A decadent and filling way to start the day!

Just the Recipe | 1 Serving

2 Tbs. Chia Seeds

1/2 Tbs. Ground Flax Seed

1 Tbs. Rolled Oats

1 Tbs. Unsweetened Cocoa Powder

1 Serving Your Favorite Protein Powder

1 Tbs. Unsweetened Coconut Flakes (optional)

3/4 Cup Unsweetened Almond Milk

1/2 Cup your favorite Granola

1/2 Cup Blackberries

Steps

  • At least 20 minutes before eating make the pudding:

    • To a two cup dish, add the chia seeds, ground flax seed, oats, protein powder, and cocoa powder. If using, add the coconut flakes. Stir to combine.

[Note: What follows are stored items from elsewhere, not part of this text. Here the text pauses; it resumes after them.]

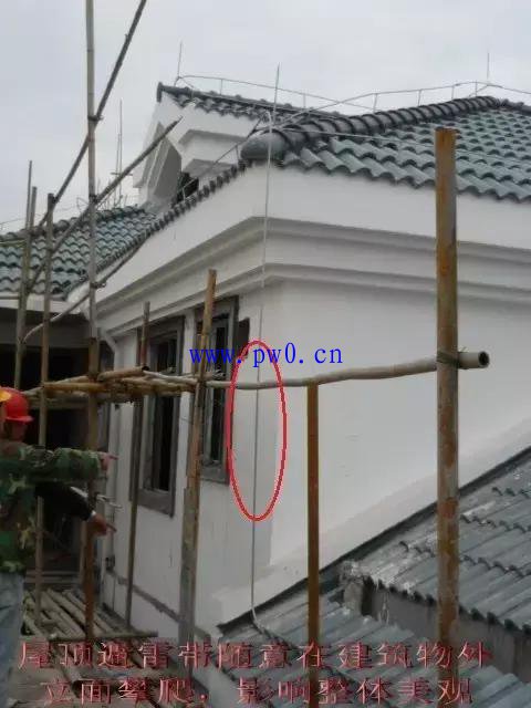 ①屋顶避雷针设置不规范,用圆钢代替专用避雷针。
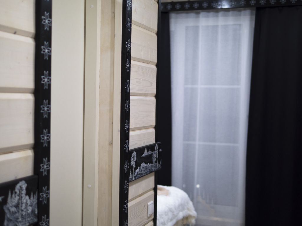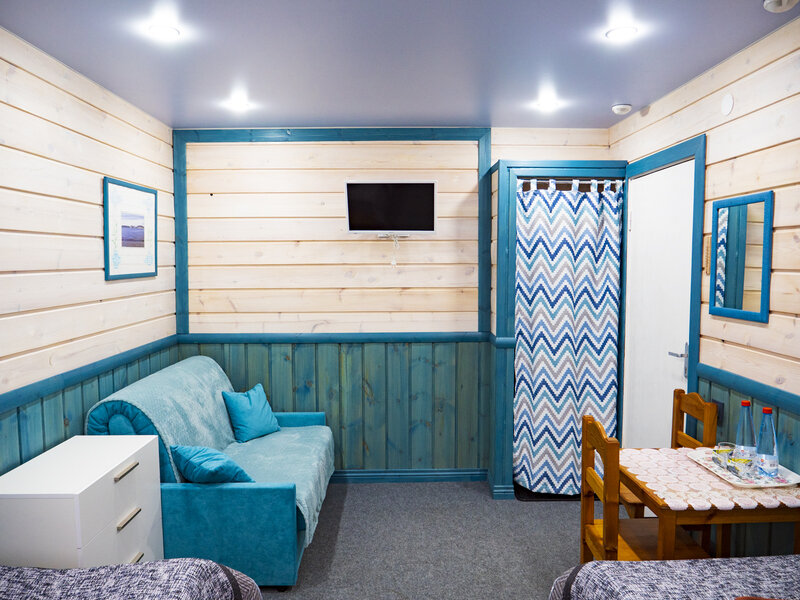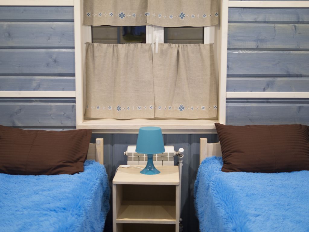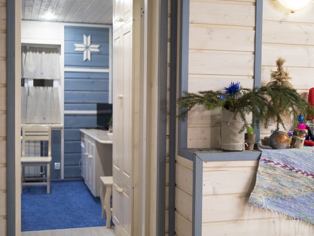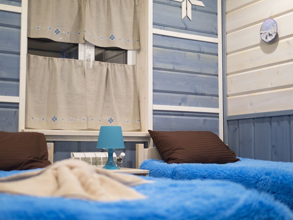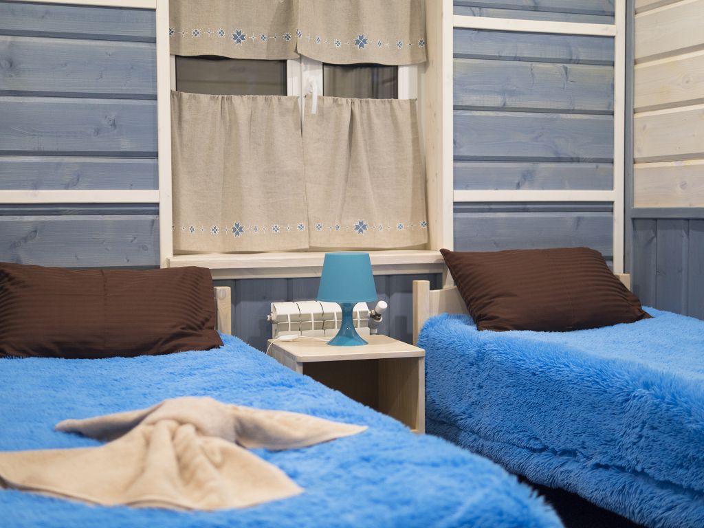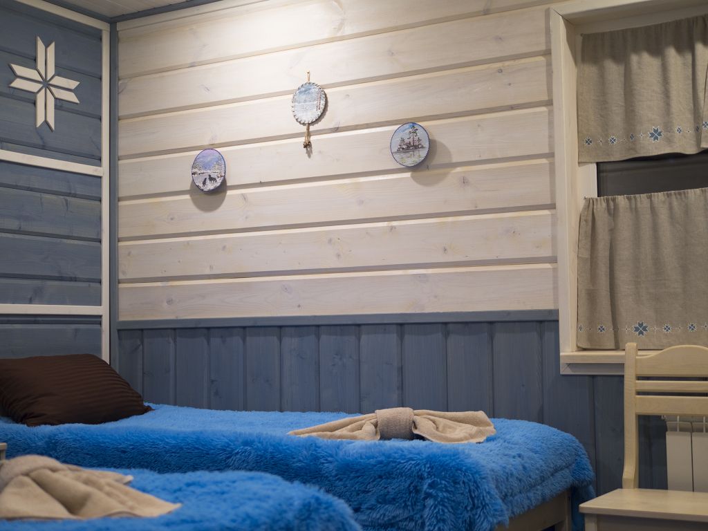 Отделка комнат: стены рау-хауз (имитация бруса) из карельской сосны, покрытие пола — ковролин, паровое отопление, окна — металлопласт. Шторы blackout отличная защита от света в пору «белых ночей». Летом выдается фумигатор (защита от комаров).
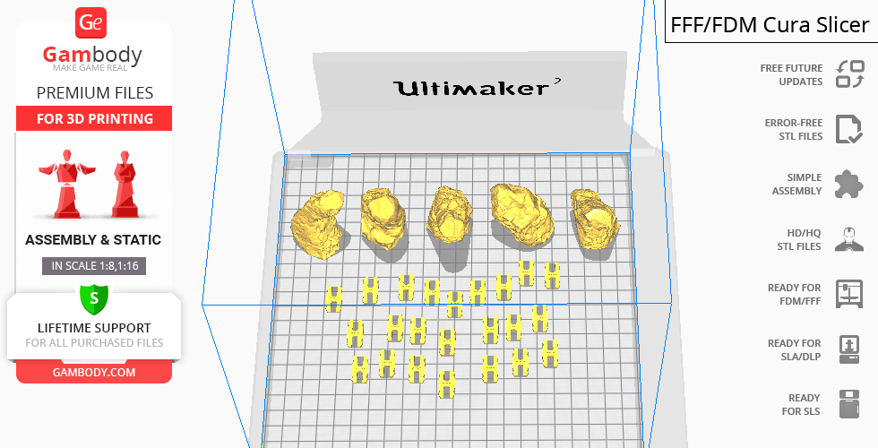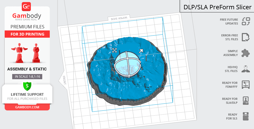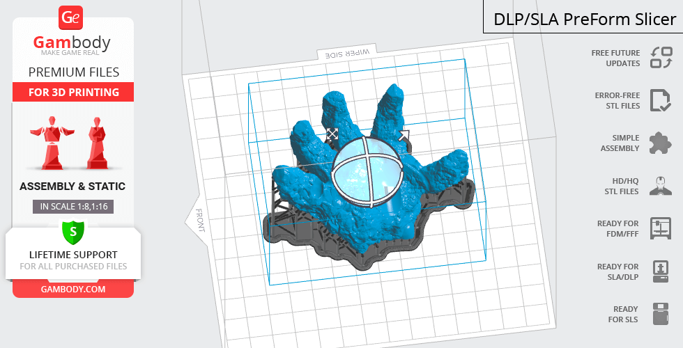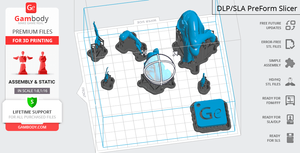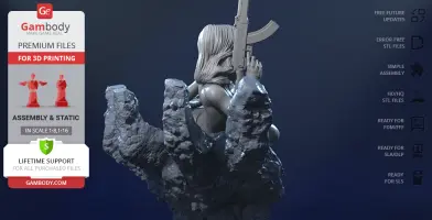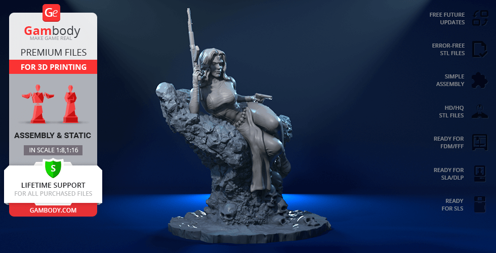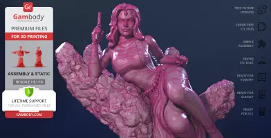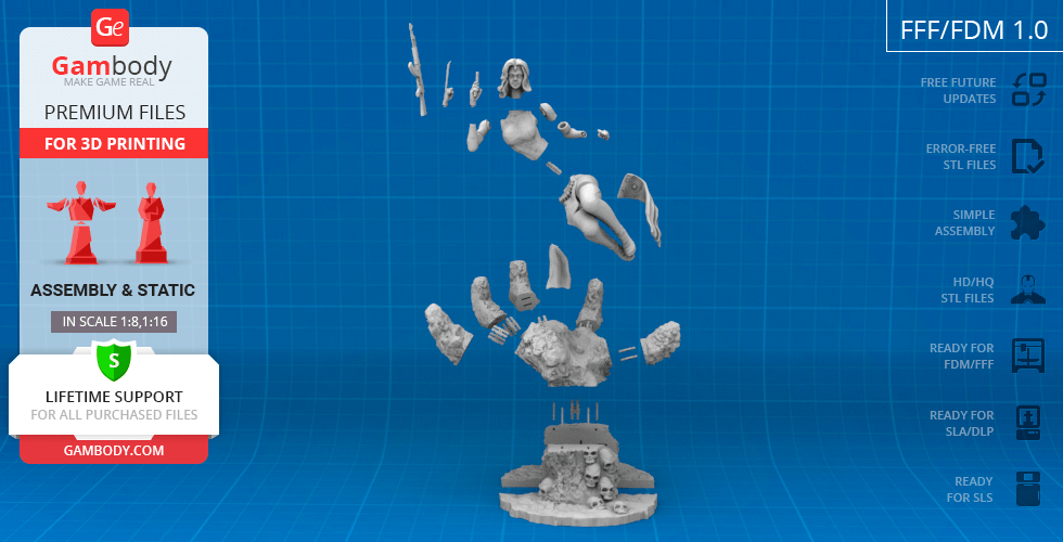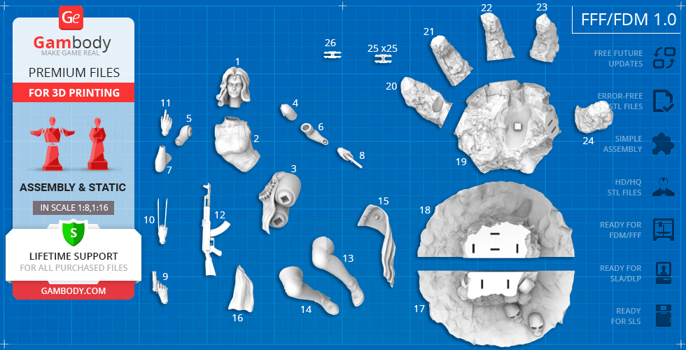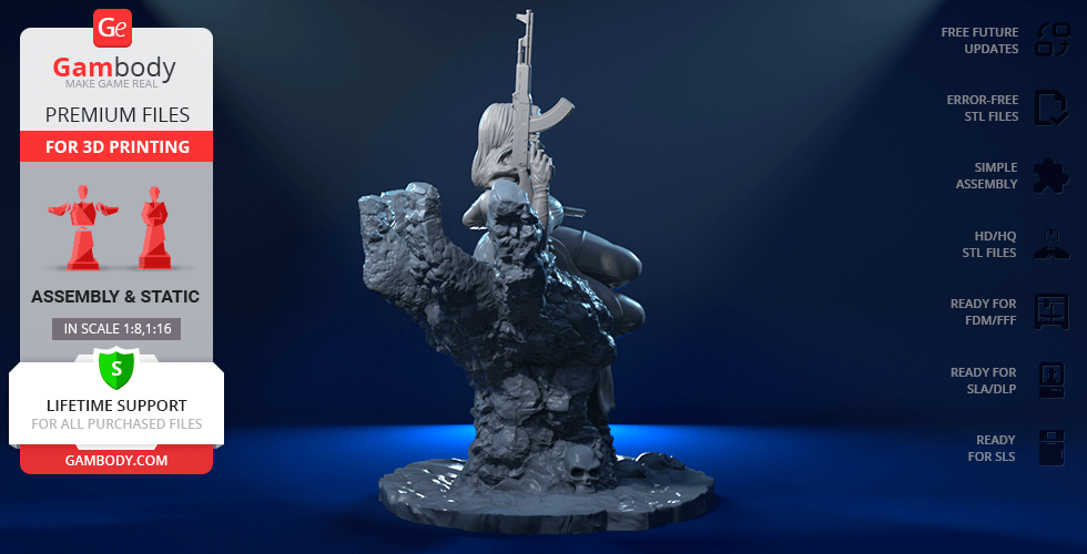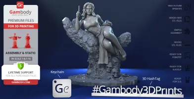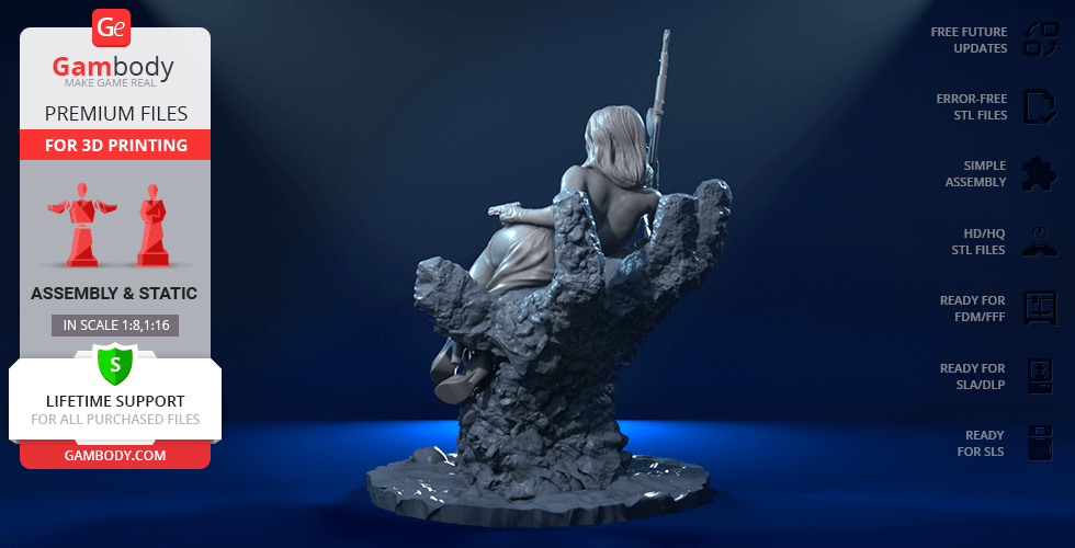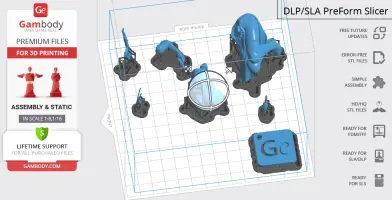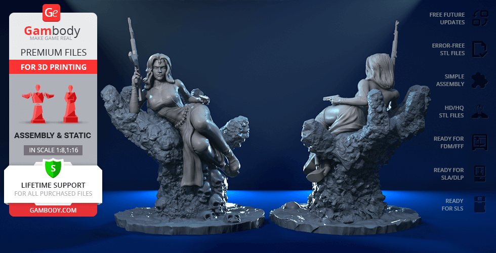 Mystique figurine for 3D printing is a static assembly model and its moderation and adaptation for different types of 3D printers took Gambody team 33 hours in total. The figurine’s anatomy was thoroughly reviewed during the moderation process for Mystique to be depicted harmoniously in the intended sitting pose. The model’s cutting was chosen by our team to minimise the amount of filament needed for generated support and some of the parts were hollowed out for you to save resin. Moreover, in order to conceal the places where assembly parts of the model must be connected, the figurine was cut along the contour of Mystique clothes’ seams. The figurine's platform that resembles the hand-like stone throne was divided into 8 separate parts to fit even the smallest 3D printers’ build plates. There are three different weapon variants of the model’s right hand available for you to choose either gun, assault rifle or Wolverine’s claws to assemble Mystique with. Each hand, as well as the assault rifle, are provided as separate parts for you to achieve the cleanest result possible. All the assembly parts are provided in STL files in recommended positions that were worked out so to ensure the smoothness of the details’ surfaces after printing and that the 3D printing beginners won't face difficulties when placing the parts on a build plate.
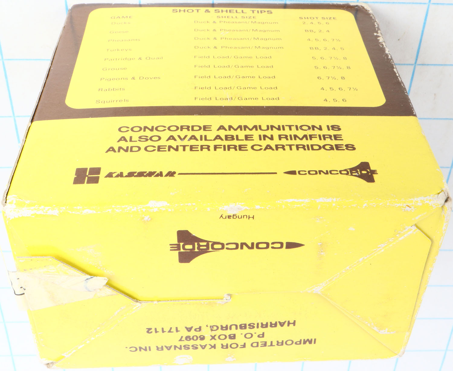 Concorde Duck & Pheasant, 12ga., 1pc., Full, shot size 7 1/2, multi-colored box, box is solid, shells are excellent. Grade: Excellent - Value: 10 to 30
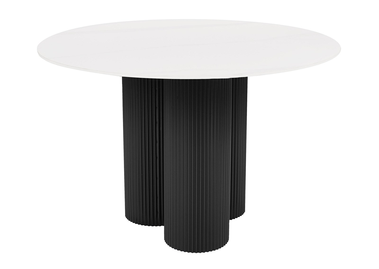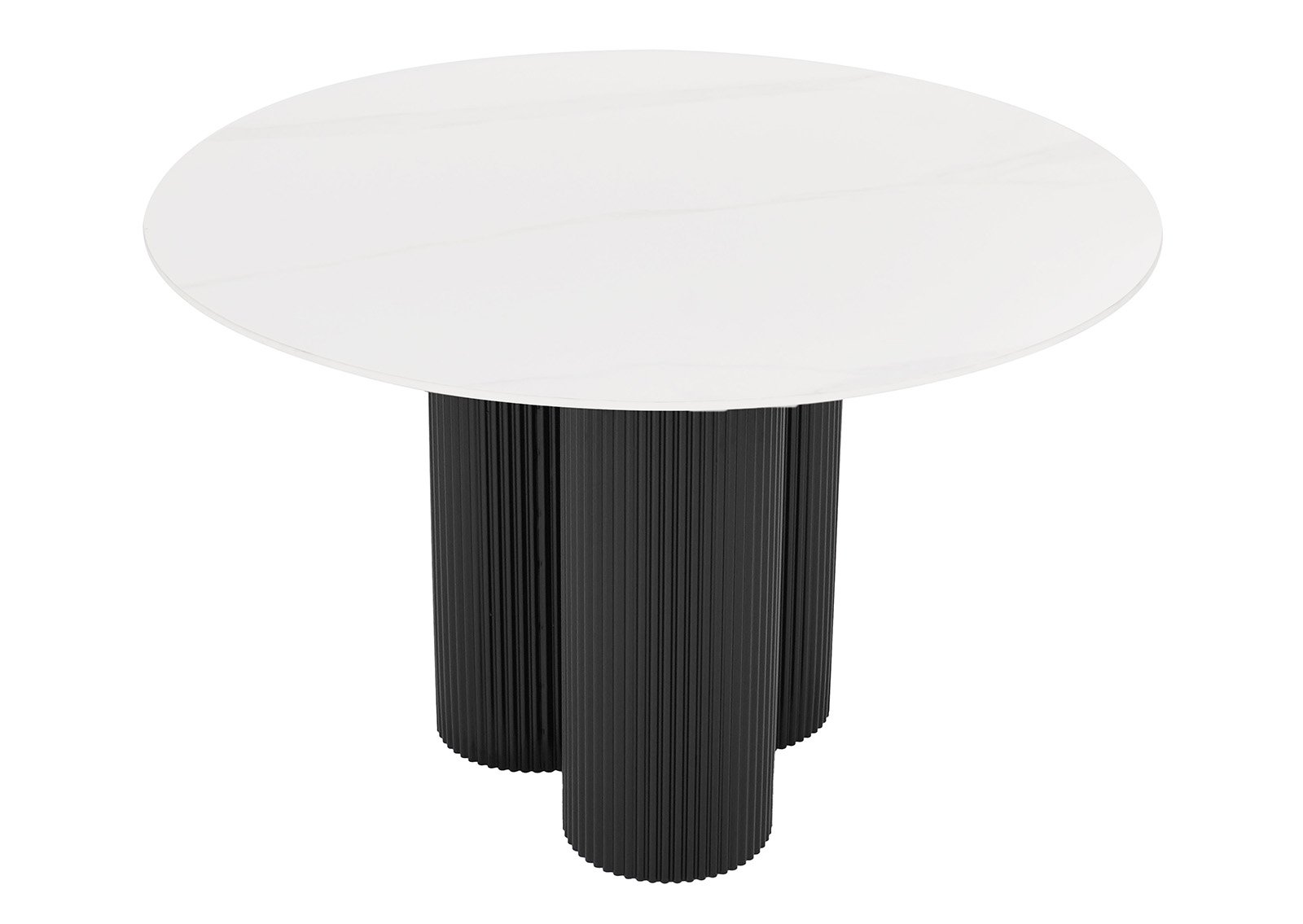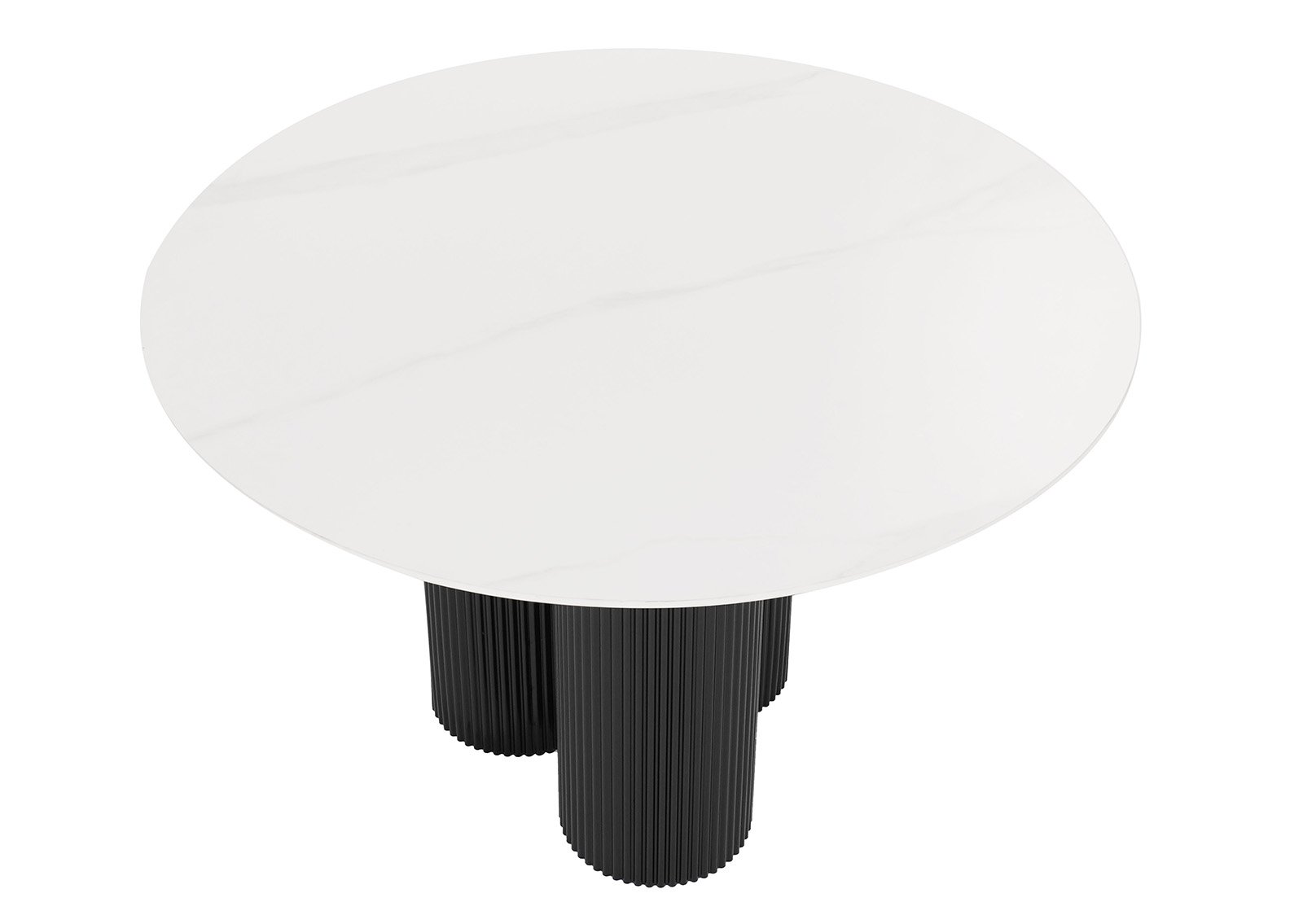 ALEXA-ruokapöytä on silmiinpistävä yhdistelmä modernia muotoilua ja korkealaatuisia materiaaleja. Pyöreä marmorikeraaminen pöytälevy ja veistokselliset mustat jalat luovat tyylikkään ja nykyaikaisen tunnelman ruokailuhuoneeseen.

    • Slowly pour in the milk and whisk together with a fork.

    • Cover and chill for a minimum of 20 minutes. Can be made the night before. Store in the refrigerator.

  • When ready to eat, uncover and stir well. Top with the berries and granola.

Enjoy!

Packed with healthy ingredients this protein packed chia pudding is a great way to start the day.

Chia Pudding and Berries Macros:

27g Carbs | 19g Fat | 23g Protein* | 12g Fiber

*Granola macros not included as they will vary based on the granola used. Protein amounts may vary based on protein powder used.


Kitchen Acumen Tips:

  • Dairy-free: To make dairy-free use a plant based protein powder.

  • Gluten-free: To make gluten-free skip the rolled oats or use gluten-free oats.

  • Variations:

    • Top with your favorite fruit such as raspberries, strawberries, or blueberries.

    • For a richer coconut flavor, use 1/2 cup of oat or almond milk and 1/4 cup of full fat coconut milk.

    • You can use any milk you prefer, but it will impact the macros listed.